As a director, Stone had success at an unusually young age. By the time he was in his early forties he’d won every prize going, and seemed to hold the future of American cinema in his hands. For this macho, brawny, unabashedly trigger-happy director, there were few worlds left to conquer.

It is notable that his recent memoir Chasing the Light is about the years from his birth to 1986 — before he became a cultural force. It’s as if he can’t bear to remember his real downfall, which arrived ahead of his association with Nazarbayev, or his other hagiographical tributes to strongman leaders like Hugo Chavez and Vladimir Putin.

Stone’s marvellously paranoid thriller JFK was released in 1991. Initially acclaimed, Stone’s liberties with the historical record (the film implies that Lyndon Johnson plotted Kennedy’s assassination) soon attracted heavyweight criticism from America’s prestige press and Hollywood power-brokers. “A man of technical skill, scant education, and negligible consequence,” was how the Washington Post‘s George Will described the director at the time. Stone was denounced as a conspiracy theorist, cancelled, and would never regain his position at the centre of American culture.

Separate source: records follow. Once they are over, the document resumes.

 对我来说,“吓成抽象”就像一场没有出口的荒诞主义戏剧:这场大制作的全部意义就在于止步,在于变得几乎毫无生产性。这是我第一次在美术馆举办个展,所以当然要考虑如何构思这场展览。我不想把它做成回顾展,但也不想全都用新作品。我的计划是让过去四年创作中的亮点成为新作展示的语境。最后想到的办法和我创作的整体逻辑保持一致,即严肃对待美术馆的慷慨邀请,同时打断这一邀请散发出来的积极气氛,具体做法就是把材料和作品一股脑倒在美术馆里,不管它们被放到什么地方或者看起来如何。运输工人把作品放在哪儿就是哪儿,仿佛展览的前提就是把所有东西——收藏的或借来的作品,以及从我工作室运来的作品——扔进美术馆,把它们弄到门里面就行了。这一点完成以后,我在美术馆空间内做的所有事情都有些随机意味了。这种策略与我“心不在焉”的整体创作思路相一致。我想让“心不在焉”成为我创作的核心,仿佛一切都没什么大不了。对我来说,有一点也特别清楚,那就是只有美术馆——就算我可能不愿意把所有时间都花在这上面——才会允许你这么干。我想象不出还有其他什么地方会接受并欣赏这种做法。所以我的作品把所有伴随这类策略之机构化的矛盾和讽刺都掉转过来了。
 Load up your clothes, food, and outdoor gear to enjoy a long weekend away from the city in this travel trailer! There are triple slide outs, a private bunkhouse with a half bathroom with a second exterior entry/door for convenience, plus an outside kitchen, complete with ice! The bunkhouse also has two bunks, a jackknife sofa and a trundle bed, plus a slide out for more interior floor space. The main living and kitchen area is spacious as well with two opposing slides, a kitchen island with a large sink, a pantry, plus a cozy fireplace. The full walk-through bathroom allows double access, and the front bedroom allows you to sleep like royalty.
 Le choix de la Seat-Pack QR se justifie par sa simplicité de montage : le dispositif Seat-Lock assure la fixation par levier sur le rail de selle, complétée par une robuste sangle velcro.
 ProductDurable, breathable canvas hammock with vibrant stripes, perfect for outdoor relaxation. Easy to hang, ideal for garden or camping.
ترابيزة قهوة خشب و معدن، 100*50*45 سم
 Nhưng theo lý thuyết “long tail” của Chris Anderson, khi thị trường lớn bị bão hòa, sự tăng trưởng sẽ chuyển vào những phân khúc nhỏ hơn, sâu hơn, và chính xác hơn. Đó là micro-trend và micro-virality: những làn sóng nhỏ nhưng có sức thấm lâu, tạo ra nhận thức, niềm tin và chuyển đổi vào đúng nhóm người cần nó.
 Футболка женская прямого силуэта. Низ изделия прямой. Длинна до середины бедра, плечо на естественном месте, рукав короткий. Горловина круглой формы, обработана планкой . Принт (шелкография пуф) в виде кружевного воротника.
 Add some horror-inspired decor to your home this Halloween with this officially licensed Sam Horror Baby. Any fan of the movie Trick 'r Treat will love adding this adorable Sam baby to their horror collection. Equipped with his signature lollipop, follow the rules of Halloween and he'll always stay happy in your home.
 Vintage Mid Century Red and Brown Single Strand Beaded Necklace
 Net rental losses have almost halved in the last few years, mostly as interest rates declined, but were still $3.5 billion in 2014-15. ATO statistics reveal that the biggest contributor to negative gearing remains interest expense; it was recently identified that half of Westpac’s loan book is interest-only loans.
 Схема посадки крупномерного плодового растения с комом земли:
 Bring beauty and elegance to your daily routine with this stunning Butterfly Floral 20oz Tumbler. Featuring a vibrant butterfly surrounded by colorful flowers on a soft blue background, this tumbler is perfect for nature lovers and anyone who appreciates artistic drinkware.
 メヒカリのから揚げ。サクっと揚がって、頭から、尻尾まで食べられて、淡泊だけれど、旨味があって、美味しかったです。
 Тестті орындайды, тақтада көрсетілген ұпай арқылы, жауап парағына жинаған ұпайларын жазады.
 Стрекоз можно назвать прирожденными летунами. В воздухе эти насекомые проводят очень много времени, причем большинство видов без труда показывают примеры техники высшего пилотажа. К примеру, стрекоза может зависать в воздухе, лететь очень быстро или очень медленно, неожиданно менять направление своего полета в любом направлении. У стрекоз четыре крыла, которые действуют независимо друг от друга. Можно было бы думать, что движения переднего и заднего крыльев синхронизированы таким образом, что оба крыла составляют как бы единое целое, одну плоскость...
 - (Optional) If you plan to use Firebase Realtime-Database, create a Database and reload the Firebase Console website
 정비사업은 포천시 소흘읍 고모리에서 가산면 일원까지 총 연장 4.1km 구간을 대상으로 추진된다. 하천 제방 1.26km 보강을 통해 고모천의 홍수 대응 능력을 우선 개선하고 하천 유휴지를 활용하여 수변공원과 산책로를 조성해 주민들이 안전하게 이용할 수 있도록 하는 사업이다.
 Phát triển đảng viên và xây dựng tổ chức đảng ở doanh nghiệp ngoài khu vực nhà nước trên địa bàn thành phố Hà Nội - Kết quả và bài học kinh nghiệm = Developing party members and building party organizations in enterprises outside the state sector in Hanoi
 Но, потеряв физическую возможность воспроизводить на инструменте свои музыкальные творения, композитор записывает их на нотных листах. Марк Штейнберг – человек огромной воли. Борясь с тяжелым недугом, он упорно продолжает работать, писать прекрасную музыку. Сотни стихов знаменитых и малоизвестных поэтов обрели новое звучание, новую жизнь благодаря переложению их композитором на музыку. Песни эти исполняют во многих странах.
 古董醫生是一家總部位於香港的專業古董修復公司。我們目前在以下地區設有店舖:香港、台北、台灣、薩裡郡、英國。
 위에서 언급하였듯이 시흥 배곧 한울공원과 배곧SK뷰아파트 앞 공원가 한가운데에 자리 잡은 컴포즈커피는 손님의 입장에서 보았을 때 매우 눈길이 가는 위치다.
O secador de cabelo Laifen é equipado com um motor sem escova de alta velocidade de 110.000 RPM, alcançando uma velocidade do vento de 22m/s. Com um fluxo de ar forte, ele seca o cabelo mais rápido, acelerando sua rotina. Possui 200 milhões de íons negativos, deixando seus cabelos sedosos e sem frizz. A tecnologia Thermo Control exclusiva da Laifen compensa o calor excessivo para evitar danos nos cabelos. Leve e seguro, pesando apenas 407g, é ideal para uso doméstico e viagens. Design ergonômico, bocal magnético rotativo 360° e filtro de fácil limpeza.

But there were good reasons why Stone’s education was scant. Unlike Will, who’d spent the sixties studying at Oxford, Stone dropped out of Yale to enlist as a private in the Army. He was wounded twice in Vietnam. This vital fact, I think, gives him some leeway as a skin-in-the-game critic of American foreign policy. He was there man.

For decades he’s had to scramble and stoop in the margins to make his living, largely for political reasons. In the end, as bleak as this journey has been, it means Stone has become a much greater entertainment than the movies he makes.